RBG: Life, Legacy, and The Future of The Supreme Court



Ruth Bader Ginsburg died on 18th, 2020 as a result of complications with pancreatic cancer.

Cynthia Schneider, Research Editor

On September 18th, 2020, continuing 2020’s awful trend, Ruth Bader Ginsburg, a legend for all generations and for all kinds of Americans, died. Within her 87 years of living, she influenced women’s rights and American law forever. She was born in 1933 and later attended school at Cornell University followed by Harvard Law and Columbia Law School (graduated in 1959). During this time, very few women held respectable or male-dominated jobs such as law. This reality was all too true for Ginsburg. While trying to find a law job she was denied opportunities from law firms in New York for years; she later became a law professor at Rutgers instead. During the 1970s, Ginsburg became immensely influential as she started to practice as an actual lawyer associated with the American Civil Liberties Union and their Women’s Rights Project. She argued cases on Women’s Rights and equality in front of the Supreme Court and changed the realm of American law for generations. Other extremely notable moments in her life include her appointment to the U.S. Court of Appeals in 1980 by president Jimmy Carter and then finally her appointment to the U.S. Supreme Court by former President Bill Clinton in 1993, making her the second woman to ever serve on the bench. Throughout her work from the 1970s to her over 25 years serving on the Supreme Court, Ruth Bader Ginsburg has been an inspiration to many Americans. By fighting for the minority every time, she has shown what it really means to be a judge and one that works for the people.

Many Americans are unaware of the specifics of her work, so I would recommend looking into her time with the Women’s Rights Project as well as some of the cases she argued during her time on the bench.

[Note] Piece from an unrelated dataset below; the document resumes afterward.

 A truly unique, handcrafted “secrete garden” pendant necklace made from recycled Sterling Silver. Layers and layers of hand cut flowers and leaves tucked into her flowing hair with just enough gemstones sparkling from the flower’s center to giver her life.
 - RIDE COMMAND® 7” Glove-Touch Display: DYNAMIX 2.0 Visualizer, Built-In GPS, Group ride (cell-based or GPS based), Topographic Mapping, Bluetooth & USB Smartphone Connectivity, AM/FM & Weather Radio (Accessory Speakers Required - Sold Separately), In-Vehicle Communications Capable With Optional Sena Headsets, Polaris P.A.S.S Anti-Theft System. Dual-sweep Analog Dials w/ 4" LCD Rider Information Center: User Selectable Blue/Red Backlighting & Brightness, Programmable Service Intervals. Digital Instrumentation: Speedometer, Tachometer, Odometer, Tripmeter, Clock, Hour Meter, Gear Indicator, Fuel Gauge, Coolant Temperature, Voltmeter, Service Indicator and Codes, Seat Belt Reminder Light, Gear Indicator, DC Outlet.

Nevertheless, her legacy lives on as the “Notorious RBG”, a nickname she gained from her long list of 5-4 court decision dissenting opinions she had on the Supreme Court. Now, she is most known for being a liberal icon for young liberals everywhere including being the subject of blockbuster movies like On the Basis of Sex in 2018, the book the Notorious RBG: The Life and Times of Ruth Bader Ginsburg in 2015, and an RBG documentary in 2018, Saturday Night Live had RBG as a recurring character in their skits, and there is an inordinate amount of RBG merchandise found across the internet.

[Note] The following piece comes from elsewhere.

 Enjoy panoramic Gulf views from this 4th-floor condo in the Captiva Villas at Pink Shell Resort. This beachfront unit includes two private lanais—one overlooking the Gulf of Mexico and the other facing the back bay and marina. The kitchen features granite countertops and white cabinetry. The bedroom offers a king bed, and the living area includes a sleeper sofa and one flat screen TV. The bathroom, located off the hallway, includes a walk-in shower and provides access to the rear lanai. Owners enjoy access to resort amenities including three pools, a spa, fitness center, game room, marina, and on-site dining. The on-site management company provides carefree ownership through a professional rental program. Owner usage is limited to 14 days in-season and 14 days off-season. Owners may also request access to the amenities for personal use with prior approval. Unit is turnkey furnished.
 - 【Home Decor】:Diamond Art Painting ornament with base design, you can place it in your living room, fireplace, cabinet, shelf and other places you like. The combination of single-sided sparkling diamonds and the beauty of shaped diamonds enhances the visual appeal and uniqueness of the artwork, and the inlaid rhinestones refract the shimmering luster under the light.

My approach, I believe, is neither liberal nor conservative. Rather, it is rooted in…our democratic society.

— Justice Ruth Bader Ginsburg

Her death will forever be mourned by many Americans everywhere, but because of the rising tensions with the 2020 election year, there has been little time for America to recover from this. This vacant seat on the bench has been a topic of discourse for many Americans and especially the Republican Party. In 2016, also an election year, former Supreme Court Justice and best friend of Ruth Bader Ginsburg – Antonin Scalia died. Because this occurred during an election year, the Republican party blocked former President Obama from appointing a replacement and let the next president decide. The democratic party was forced to agree and Trump later appointed Brett Kavanaugh in 2018. Four years later, the same thing has happened; there is a vacant seat during a crucial election year, but the Republican Party is not living up to their end of the deal. They have already been working towards appointing another Justice only a month before election day. The candidate that was nominated was Amy Coney Barret, a famous conservative. Despite this and the countless arguments surrounding this candidate, it is important that America acknowledges and appreciates the work of the legend Ruth Bader Ginsburg.